*Task input:*

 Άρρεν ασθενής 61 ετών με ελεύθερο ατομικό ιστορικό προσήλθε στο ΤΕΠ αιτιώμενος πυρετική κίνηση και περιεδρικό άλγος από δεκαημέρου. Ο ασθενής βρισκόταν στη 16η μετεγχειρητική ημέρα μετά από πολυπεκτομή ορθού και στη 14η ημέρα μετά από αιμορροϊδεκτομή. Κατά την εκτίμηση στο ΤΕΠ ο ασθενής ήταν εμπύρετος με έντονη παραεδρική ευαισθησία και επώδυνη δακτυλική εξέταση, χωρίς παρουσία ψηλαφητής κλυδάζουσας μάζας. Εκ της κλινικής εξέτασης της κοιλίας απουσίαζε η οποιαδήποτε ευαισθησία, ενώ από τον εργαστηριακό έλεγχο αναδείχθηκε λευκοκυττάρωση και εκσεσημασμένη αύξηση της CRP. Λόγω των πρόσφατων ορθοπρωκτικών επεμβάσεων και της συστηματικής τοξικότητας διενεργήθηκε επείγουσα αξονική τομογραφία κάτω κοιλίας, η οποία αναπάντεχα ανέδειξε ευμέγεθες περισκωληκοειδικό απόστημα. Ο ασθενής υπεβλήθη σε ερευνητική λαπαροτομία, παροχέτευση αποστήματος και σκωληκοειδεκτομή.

--

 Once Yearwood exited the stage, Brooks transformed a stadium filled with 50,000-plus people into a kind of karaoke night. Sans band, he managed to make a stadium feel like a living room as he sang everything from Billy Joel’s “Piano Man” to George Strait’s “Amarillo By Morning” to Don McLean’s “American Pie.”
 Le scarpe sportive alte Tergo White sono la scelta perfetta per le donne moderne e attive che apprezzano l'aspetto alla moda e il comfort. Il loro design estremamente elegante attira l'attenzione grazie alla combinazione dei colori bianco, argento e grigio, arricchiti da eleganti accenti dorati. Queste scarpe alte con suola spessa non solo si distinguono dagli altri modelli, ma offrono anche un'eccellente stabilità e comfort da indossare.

==

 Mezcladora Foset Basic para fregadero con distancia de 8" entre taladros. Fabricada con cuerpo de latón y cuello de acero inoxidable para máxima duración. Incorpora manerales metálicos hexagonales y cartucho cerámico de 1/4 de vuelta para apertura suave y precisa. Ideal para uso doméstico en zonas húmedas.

*Exercise details:* After locating the line with "Once Yearwood exited" above, return that line and every later line through the one with "Le scarpe sportive", word for word and with nothing else.

*Written response:*
 Once Yearwood exited the stage, Brooks transformed a stadium filled with 50,000-plus people into a kind of karaoke night. Sans band, he managed to make a stadium feel like a living room as he sang everything from Billy Joel’s “Piano Man” to George Strait’s “Amarillo By Morning” to Don McLean’s “American Pie.”
 Le scarpe sportive alte Tergo White sono la scelta perfetta per le donne moderne e attive che apprezzano l'aspetto alla moda e il comfort. Il loro design estremamente elegante attira l'attenzione grazie alla combinazione dei colori bianco, argento e grigio, arricchiti da eleganti accenti dorati. Queste scarpe alte con suola spessa non solo si distinguono dagli altri modelli, ma offrono anche un'eccellente stabilità e comfort da indossare.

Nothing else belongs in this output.